If Joy Division's career has the stark precision of a novella, then New Order's reads like a baggy, tragicomic picaresque, studded with arrivals, departures, false endings and sudden twists. "In Joy Division, we did our learning in private, in dusty rehearsal rooms above pubs," says Sumner. "[New Order] had to learn in public. Hurt [a 1982 B-side] was really just an experiment to learn how to use a synthesizer. Instead of reading the instruction manual, let's write a song with it and, y'know, sell it to people. But when you try to play them live, you're a bit like, 'Oh God, where's the chorus? Oh right, there isn't a chorus.'" Cunningham says that while rehearsing the 1983 track 586 for this tour they watched footage of old performances and an aghast Sumner asked, "How did we get away with being so shit and we're still here today?"
This is why, although you can hear New Order's influence in countless bands, nobody uses their career as a blueprint.

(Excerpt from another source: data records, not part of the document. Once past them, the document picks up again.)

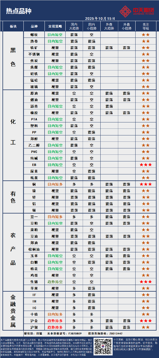 正文 中天策略:10月15日市场分析 亿通速配 V管理员 /2025-10-15 20:50:03/2阅读/0评论 1015 文章最后更新时间2025年10月15日,若文章内容或图片失效,请留言反馈! 新浪合作大平台期货开户 安全快捷有保障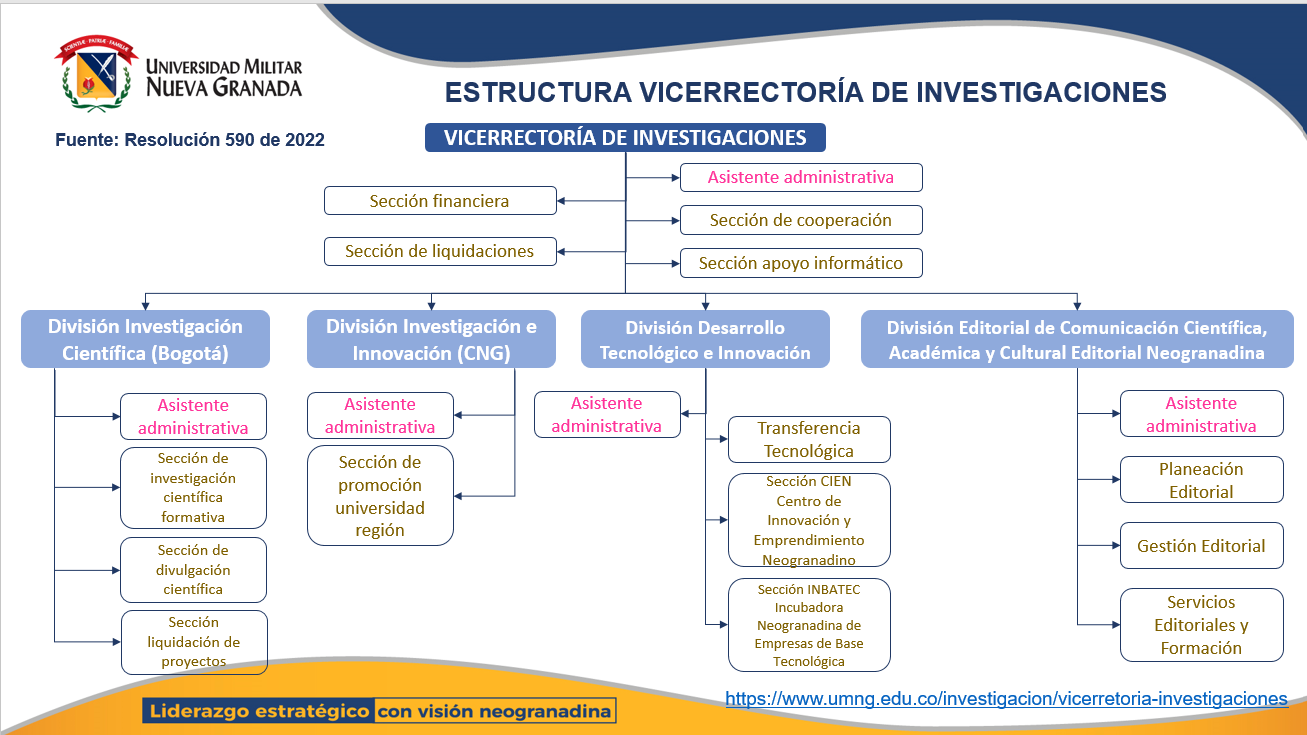 Resolución 1209 de 23 de agosto de 2024. Por lo cual se reglamenta la vinculación de personal a los proyectos de investigación, innovación y emprendimiento financiados o cofinanciados. Ver Resolución 1410 de 18 de septiembre de 2024. Por la cual se reglamenta el otorgamiento del estímulo a la investigación científica para los estudiantes de pregrado que desarrollen actividades de Ciencia, Tecnología e Innovación. Ver Resolución 1433 de 19 de septiembre de 2024. Por medio de la cual se establecen lineamientos y requisitos para el otorgamiento de apoyos económicos a estudiantes de pregrado y posgrado. Ver Resolución 1441 de 20 de septiembre de 2024. Por la cual se reglamenta el otorgamiento del estímulo a la investigación científica para los estudiantes de posgrado que desarrollen actividades de Ciencia, Tecnología e Innovación. Ver Directiva No 0061 de 1 de enero de 2024. Impartir instrucciones para el funcionamiento del Hub de Innovación de la Universidad Militar Nueva Granada, en sus sedes de Bogotá y Campus Nueva Granada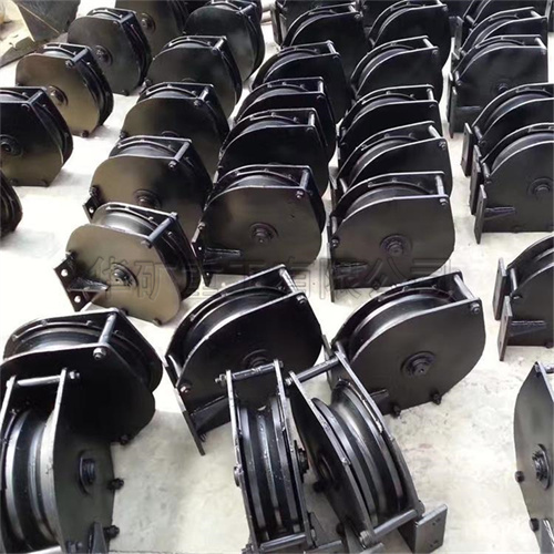 耙斗裝巖機導向輪又名滑輪,區(qū)別于尾輪。安裝在裝巖機的中部極端部,用以引導和改變鋼絲繩的方向.它由側板,繩輪,心軸,滾動軸承等組成,并采用防塵結構,以延長其使用壽命.耙斗裝巖機用導向輪用于對軟體管道或者鋼絲,尼龍繩等軟體線性物體移動過程中的方向引導。導向輪帶有滑輪結構,在某些項目或產(chǎn)品中導向輪會起到省力的作用。耙斗裝巖機用導向輪由套筒、調節(jié)絲杠、腳輪、底座、轉向座和銷釘組成,套筒內(nèi)套裝有調節(jié)絲杠,調節(jié)絲杠的一端安裝有搖把,另一端通過調整絲母與腳輪架連接,腳輪架與腳輪連接;轉向座通過銷釘與底座連接,底座與轉向座上分別設有相同中心距的對應孔,U型銷釘依次插入至轉向座和底座對應孔內(nèi),U型螺栓將底座固定在拖車的矩形管上。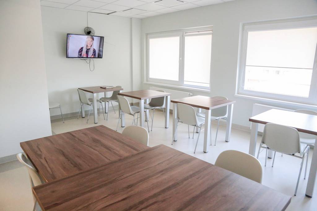 Aistė mano, kad tokia aplinka ligoninėje – didelis privalumas. Juk ne veltui sakoma, kad ir sienos gydo. Į skyrių patenka išvarginti ligų, iškamuoti skausmų pacientai, tad jaukumas, patogumas irgi prisideda prie jų sveikimo, geresnės nuotaikos. Žmonėms, ypač tiems, kurie dažnai būna vieni, svarbus ir bendravimas tarpusavyje. Tai taip pat savotiška terapija. Štai jaukioje valgykloje pakabintas televizorius, atskiri staliukai, jeigu nori, gali išsivirti kavos, arbatos, pabendrauti tarpusavyje. Lyg lankytumeisi kavinėje. „Pastebėjome, kad tik atvykę pacientai norėdavo, kad valgį jiems atneštų į palatą, bet apsilankę valgyklėlėje, jau pageidauja valgyti ten“, – pasakojo Aistė.

Like most of Sumner's lyrics, it doesn't make any sense on paper. Their brilliance grew out of flirting with disaster: the awkward experiments that paved the way for stunning breakthroughs, the chaotic concerts that crystallised in moments of wild magic, the puzzlingly opaque lyrics that could be either ridiculous or sublime.
One collision of novice synth-tinkering and last-minute lyrical improvisation led to Blue Monday, their boldest and most beloved song. Sumner tells a very New Order story about being asked, in the 80s, to adapt the song to advertise Sunkist. Gretton, a man of staunch socialist principles, was in hospital and the money was great so they said yes. "The lyrics were something about when you're drinking in the sun, Sunkist is the one," says Sumner, laughing. "I was like, 'Fucking hell, I can't sing that.' So Hooky wrote down £100,000 on a piece of paper and put it on the mixing desk and said: 'Try singing it now.' So I sang it, and then Rob came out of hospital and was like, 'What have you stupid bastards been doing while I've been in hospital?' and put the kibosh on it straight away."
So there is no point expecting this strategy-averse band to know where they go from here. Perhaps there'll be a new album or perhaps this is just a cathartic and hard-earned lap of honour. At the moment, it doesn't appear to concern them either way. For the first time in years, they are thoroughly enjoying being in New Order.
"In May, my dad died," Gilbert says by way of explanation. "We'd started up again and my dad thought it was fantastic. He couldn't wait to hear all the stories and where we'd been and it was just like starting in a band again for me. We thought he was going to recover, but he didn't. It was weird because then we were off to do another gig. It's only when you go home and think, God, he's not there anymore, that it affects you. You're not going to be here one day so you should just get on with it and enjoy it. And I think that's what we're doing. We're celebrating our past, because we've gone through a lot. We're celebrating that we're still here."
New Order headline Bestival on Saturday 8 September.